Tuesday, October 20, 2015

Fix that Amazing 19th Century Technology!

This is a little late, but it's certainly interesting to note even if it might too late to participate. As part of "National Campus Sustainability Month," Chemeketa Community College will host a "Repair Fair and Share" event tomorrow, Wednesday the 21st, from 5pm to 7pm.

April 20, 1901
From the event description:
Chemeketa will host local repair gurus during the Repair Fair and Share. Bring in your bike, small appliance, instrument or fabric item to learn how to troubleshoot basic repairs.
(click to enlarge)
It should not escape notice that a lot of this neat mechanical stuff that can be repaired DIY is essentially 19th century technology!

September 24, 1904
In fact, for a while at the last turn of the century, there was a great overlap in bike repair, umbrella repair, and sewing machine repair.

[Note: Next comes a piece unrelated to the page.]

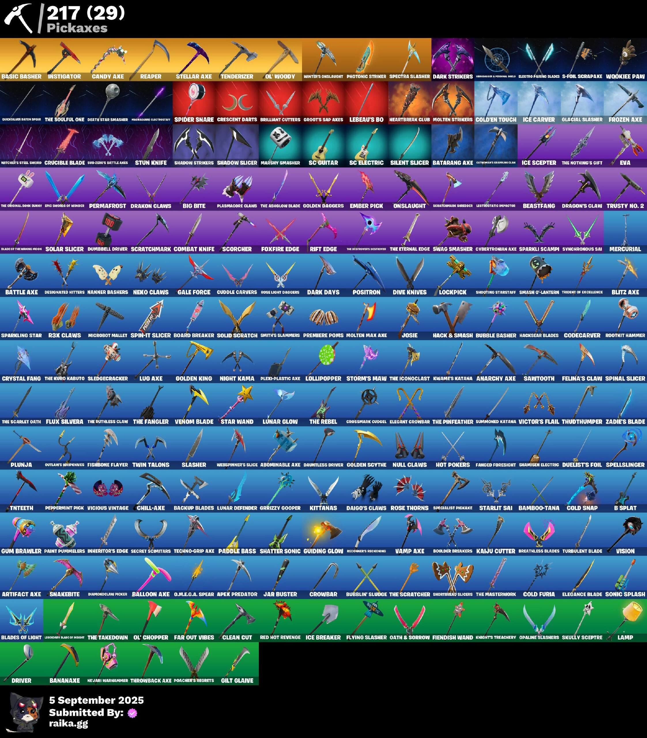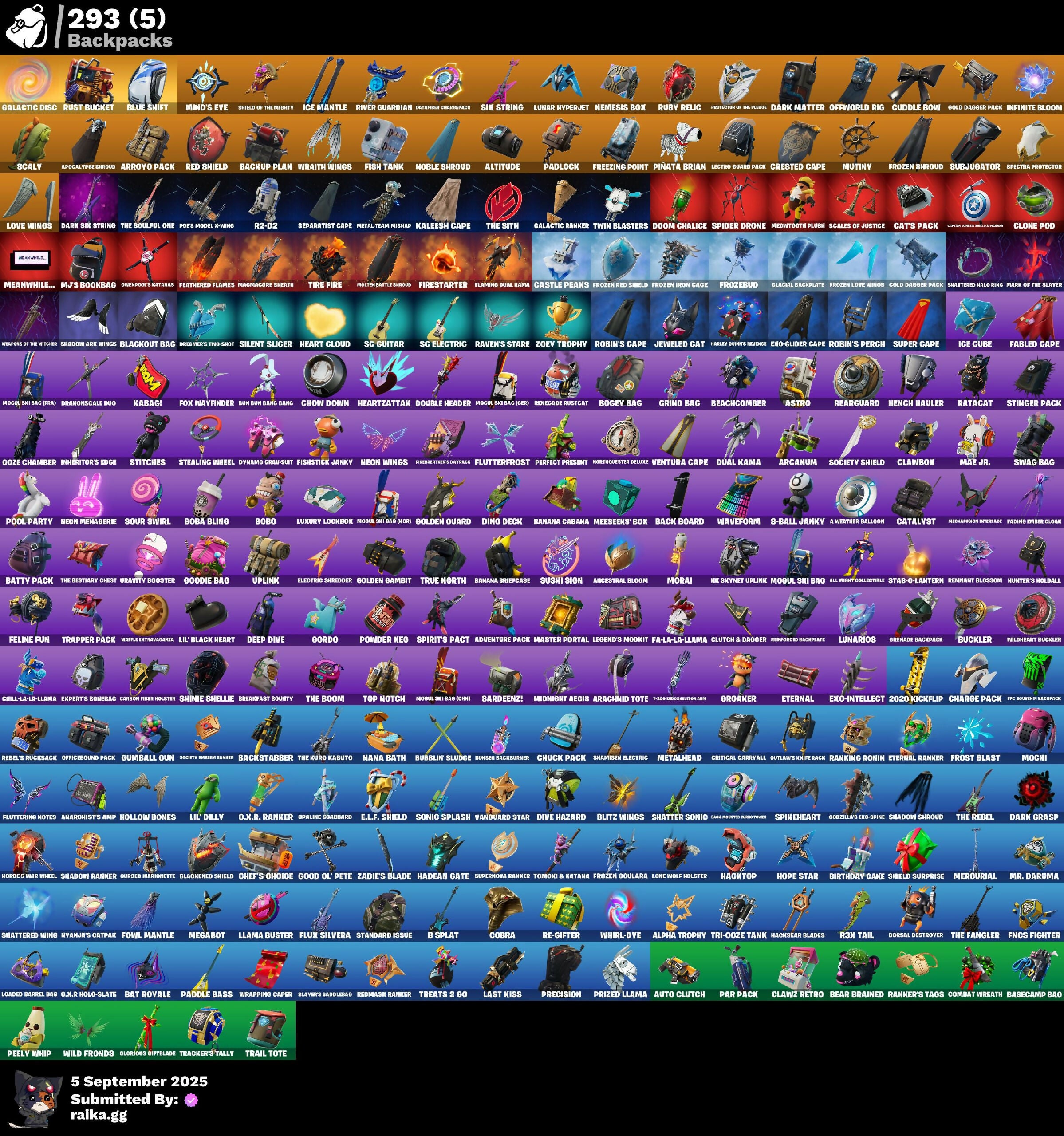 2020 Kickflip, 8-Ball Janky, A Warrior Prepares, A Weather Balloon, Abominable Axe, Adventure Pack, Agent Peely, All Monty Collectible, Alpha Trophy, Altitude, Anarchist's Amp, Anarchy Axe, Ancestral Bloom, Andre, Antonia, Apex Predator, Apocalypse Shroud, Apprentice Evie, Arachne Couture, Arachnid Tote, Arachnrobatics, Arcanum, Arctic Adeline, Armored Batman Zero, Arroyo Pack, Artifact Axe, Assault Trooper, Astro, Astroworld Cyclone, Aura, Auto Clutch, Avla Winn, B Splat, Bachii, Back Board, Back Offloaded Turbo Timer, Backstabber, Backup Blades, Backup Plan, Balance Board, Balloon Axe, Bamboo-Tana, Banana Briefcase, Banana Cabana, Bananaxe, Baron's Hoard, Barracuda, Basecamp Bag, Basic Basher, Bat Royale, Batarang Axe, Battle Axe, Battle Blessing, Battle Hound, Battlehawk, Batty Pack, Beachcomber, Bear Brained, Beastfang, Beatzbunny, Beep Beep, Behold!, Best Mates, Big Bite, Billy Bounce, Birthday Cake, Bizochoito, Black Cat, Blackened Shield, Blackheart, Blackout Bag, Blade of the Warring Moon, Blades of Light, Blaze, Blitz Axe, Blitz Wings, Blue Shift, Blue Streak, Blue Striker, Blue Team Leader, Board Breaker, Boba Bling, Boba Snack, Bobo, Bogey Bag, Bogey Basher, Bone Breaker, Boneless, Boogie Down, Boomin', Boosting Ki, Boulder Breakers, Bow Go, Breakdown, Breakfast Bounty, Breathless Blades, Brilliant Cutters, Brite Bomber, Brtlstorm Bomber, Brush Your Shoulders, Brutus, Bubbie Basher, Bubblin' Sludge, Buckler, Bugha, Bullseye, Bun Bun Bang Bang, Bunsen Backburner, Bytes, Cabbie, Calculated, Call Me, Called Shot, Camille, Candy Axe, Captain America Shield & Bertha, Captain LLamerica, Captain Phasma, Carbide, Carbon Fiber Holster, Cart Champion, Castle Peaks, Cat Flip, Catalyst, Catwoman Comic Book Cvr, Catwoman Zero, Cat’s Pack, Cauldron Chill, Championship Jonesy, Chaos Agent, Charge Pack, Chef's Choice, Chef's Special, Chill-Axe, Chilla-La-Llama, Chow Down, Chuck Pack, Clash, Clawbox, Clawz Retro, Clean Cut, Clean Sweep, Clone Pod, Clutch & Dagger, Cobalt, Cobra, Codecarver, Codename E.L.F., Coin Flip, Cold Dagger Pack, Cold Furia, Cold Snap, Cold'en Touch, Color Crush, Combat Knife, Combat Tech Jules, Combat Wreath, Commando, Conga, Contract Giller, Count It!, Crack It, Crescent Darts, Crested Cape, Crimson Scout, Critical Carryall, Crossmark Cudgel, Crowbar, Crowning Achievement, Crucible Blade, Crystal Fang, Cuddle Bow, Cuddle Carvers, Cuddle Team Leader, Curling Iron, Cursed Marionette, Cyberdyne Salute, Cybertronian Axe, Dab, Dahlia, Daigo, Daigo's Claws, Dark Days, Dark Grasp, Dark Matter, Dark Power Chord, Dark Six String, Dark Strikers, Dark Voyager, Datafacer Chargepack, Dauntless Driver, Daydream, Death Star Smasher, Deep Dive, Designated Hitters, Diamond Throne, Diamondclaw Picker, Dice Roll, Dino Deck, Dip, Dire, Disc Spinner, Discovery, Dive Hazard, Dive Knives, Do The Split, Doggo, Dominator, Doom Chalice, Doom Slayer, Dorsal Destroyer, Double Header, Doze Dab, Dragon Stance, Dragon Steel Hybrid, Dragon's Claw, Dragonscale Duo, Drakon Claws, Dream, Dreamer's Two-Shot, Drift, Driver, Dual Kama, Duelist's Foil, Dumbbell Driver, Dusty, Dyed Breeze, Dynamic Dribbler, Dynamo Grav-Suit, E.L.F. Shield, Eagle Enforcer, Electric Shredder, Electro Shuffle, Electro Swing, Elegance Blade, Elegant Crowbar, Eleven, Elite Agent, Ember Pick, Enforcer, Epic Swords of Wonder, Eternal, Eternal Ranker, Eva, Exo-Glider Cape, Exo-Intellect, Expert's Bonebag, Expressionism, FFC Souvenir Backpack, FNCS Fighter, Fa-La-La-Llama, Fabled Cape, Fading Ember Cloak, Fanged Foresight, Far Out Vibes, Feathered Flames, Feel The Force, Felina, Felina's Claw, Feline Fun, Ffc Chloe Kim, Ffc Lebron James, Ffc Neymar Jr, Ffc Sparkplug, Ffc Thegregf, Fiendish Wand, Finger Guns, Firebreaker's Daypack, Firestarter, Fish Tank, Fish Thicc, Fishbone Flayer, Fishstick Janky, Fist Bump, Flaky Feast, Flaming Dual Kama, Flashback Breakdown, Flippin' Away, Flutterfrost, Fluttering Notes, Flux Silvera, Flying Slasher, Fncs Renegade, Focus, Foil Flex, Force Lightning, Fowl Mantle, Fox Wayfinder, Foxfire Edge, Free Flow, Freestylin', Freezing Point, Frost Blast, Frostbite, Frosted Flurry, Frozebud, Frozen Axe, Frozen Fishstick, Frozen Iron Cage, Frozen Love Wings, Frozen Loverang, Frozen Nog Ops, Frozen Oculata, Frozen Raven, Frozen Red Knight, Frozen Red Shield, Frozen Shroud, Fusion! Hah!!, Galactic Disc, Galactic Ranker, Galaxy, Gale Force, Gear Specialist Maya, General Grievous, Gentleman's Dab, Geralt of Rivia, Get Funky, Get Schwifty, Ghortsbeard Slicers, Ghoul Trooper, Gildhart, Gilt Glaive, Glacial Backplate, Glacial Slasher, Glorious Giftblade, Glumbunny, Godzilla Evolved, Godzilla's Exo-Spine, Gold Dagger Pack, Golden Daggers, Golden Gambit, Golden Guard, Golden King, Golden Scythe, Golf Clap, Good Ol' Pete, Good Sportsmanship, Goodie Bag, Gordo, Grenade Backpack, Grind Bag, Grizzly Gooper, Groaker, Groot's Sap Axes, Groove Jam, Grriz, Guff Gringle, Guiding Glow, Gum Brawler, Gumball Gun, Gun Show, Gwenpool’s Katanas, HK Skynet Uplink, Hack & Smash, Hacksear Blades, Hacktop, Hadean Gate, Harley Quinn's Revenge, Havoc, Haxsaura, Heart Cloud, Heartbreak Club, Heartbreak Ranger, Heartzattack, Hello Friend, Helsie, Hench Hauler, Hero Baymax, Highland Warrior, Highwire, Holiday Boxy, Hollow Bones, Hope, Hope Star, Horde's War Wheel, Hot Marat, Hot Pokers, Human Bill, Hunter's Holdall, Huntress, Hybrid, Hype, Hype!, Hypnot-Eyes, I Need You To Concentrate, I'm A Mystery, Ice Breaker, Ice Carver, Ice Crystal, Ice Cube, Ice Mantle, Ice Scepter, Icebound Midas, Igni Sign, Incinerator Kuno, Infinite Bloom, Inheritor's Edge, Instigator, Invisible Cut, It's Go Time!, Izuku Midoriya, Jade, Jar Buster, Jet Signals, Jeweled Cat, Joltara, Jones Unchained, Joni The Red, Josie, Jubilation, Kabag!, Kado Thorne, Kaiju Cutter, Kaleesh Cape, Katsuki Bakugo, Keep It Mello, Kendo, Khaby Lame, Kittanas, Knife Sharpener, Knight's Treachery, Kondor, Kuno, Kwame, Kwame's Katana, Lace, Lamp, Laser Focused, Last Kiss, Laugh It Up, L

The other categories, too, will have roots in 19th century manufacturing and practice as well:
  • small appliances
  • instruments
  • knives and scissors
  • tool care
Disaster Relief Trials from 2012
You might have seen the report in BikePortland on this year's Disaster Relief Trials a couple of days ago.

Bikes and this level of technology - portable, repairable, human-powered - is a potential key to local resiliency in disaster.

Band and instruments in front of Sroat & Wilson
(dba The Salem Cyclery)
circa 1899, detail, State Library Photo Collection
And it's all basically 19th century. Much of our late 20th and 21st century tech isn't going to be useful, dependent as it is on an intact electrical and communications grid and other infrastructure.

Event organizers say
“If you have never fixed a broken toy, repaired a broken lamp, mended a torn seam, patched a flat or replaced an instrument string, repairing something for the first time can be daunting,” Chemeketa Community College Sustainability Coordinator Stephania Fregosi said, “Fixing or making something yourself gives you a can-do mindset, promotes self-esteem, reduces waste and saves money.”

“This isn’t just an event; repair is a way of life. Folks will learn that repairs can be an easy and affordable alternative to tossing things in the garbage,” Jessica Ramey, a waste reduction coordinator for Marion County, said in a press release.
But more than this it's a celebration of basic technology that is old, remains very useful, and potentially more useful yet in the face of catastrophe. Steampunk has a practical side.

More details:
At the event, a fixer volunteer will guide you through how to repair your item. The idea is for people to learn trouble shooting and have the ability to possibly make their own repairs in the future. Guests are expected to stay with their item and be an active participant in learning about the repair process....

The event is limited to items that can be carried in. Large appliances and cars will not be accepted. Due to safety reasons, microwaves ovens, hazardous materials and weapons also are prohibited.
Check out the website to sign up for a slot (at this late date, it might be wait-list only) and for other info.

For more on Fred Wiggins, Watt Shipp, and Sroat & Wilson, see notes on wheeling and old time biking. The band photo is misidentified in the OSL database; it is actually on Commercial Street, and the Cyclery sits on what is now the parking lot between Bike Peddler and Spaghetti Warehouse.